**Data shown:**

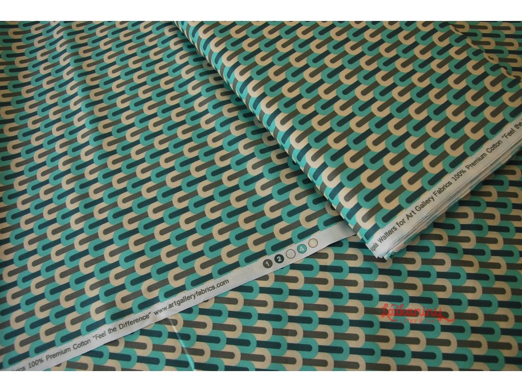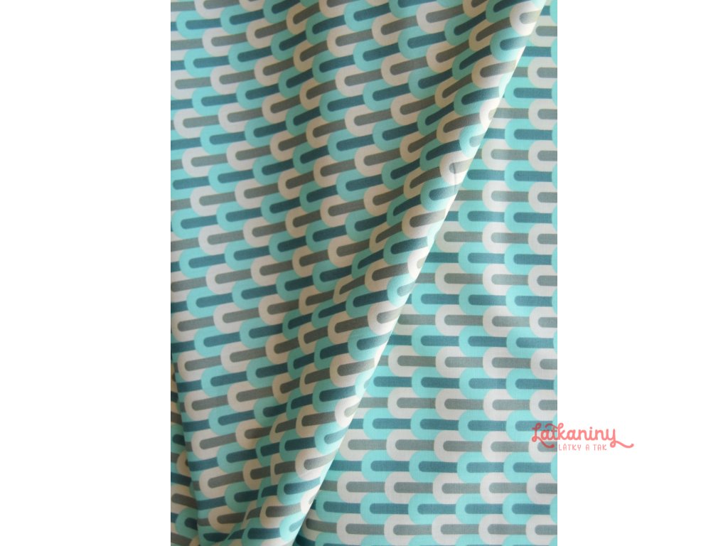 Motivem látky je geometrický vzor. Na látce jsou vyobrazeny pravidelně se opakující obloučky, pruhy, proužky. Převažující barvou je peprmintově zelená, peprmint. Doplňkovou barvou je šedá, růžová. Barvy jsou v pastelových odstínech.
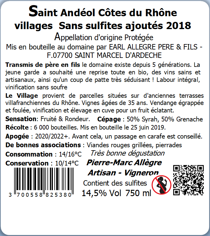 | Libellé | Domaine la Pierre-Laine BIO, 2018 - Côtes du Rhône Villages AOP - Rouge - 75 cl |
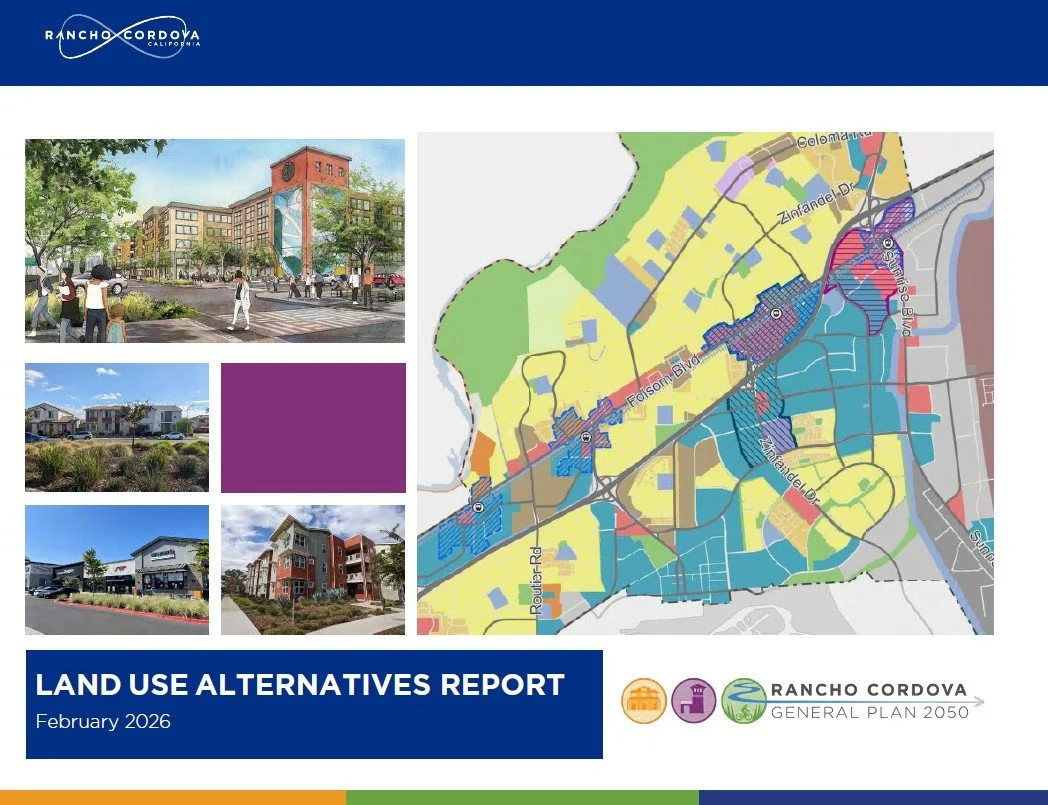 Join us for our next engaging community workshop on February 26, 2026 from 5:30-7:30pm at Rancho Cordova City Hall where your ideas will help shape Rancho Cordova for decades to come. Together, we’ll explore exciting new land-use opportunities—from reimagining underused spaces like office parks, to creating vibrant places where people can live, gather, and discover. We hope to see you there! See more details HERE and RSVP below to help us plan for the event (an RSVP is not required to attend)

**What is needed:** The required output is every line of the data above, set down exactly and stripped of pictures.

**Exercise output:**
 Motivem látky je geometrický vzor. Na látce jsou vyobrazeny pravidelně se opakující obloučky, pruhy, proužky. Převažující barvou je peprmintově zelená, peprmint. Doplňkovou barvou je šedá, růžová. Barvy jsou v pastelových odstínech.
 | Libellé | Domaine la Pierre-Laine BIO, 2018 - Côtes du Rhône Villages AOP - Rouge - 75 cl |
 Join us for our next engaging community workshop on February 26, 2026 from 5:30-7:30pm at Rancho Cordova City Hall where your ideas will help shape Rancho Cordova for decades to come. Together, we’ll explore exciting new land-use opportunities—from reimagining underused spaces like office parks, to creating vibrant places where people can live, gather, and discover. We hope to see you there! See more details HERE and RSVP below to help us plan for the event (an RSVP is not required to attend)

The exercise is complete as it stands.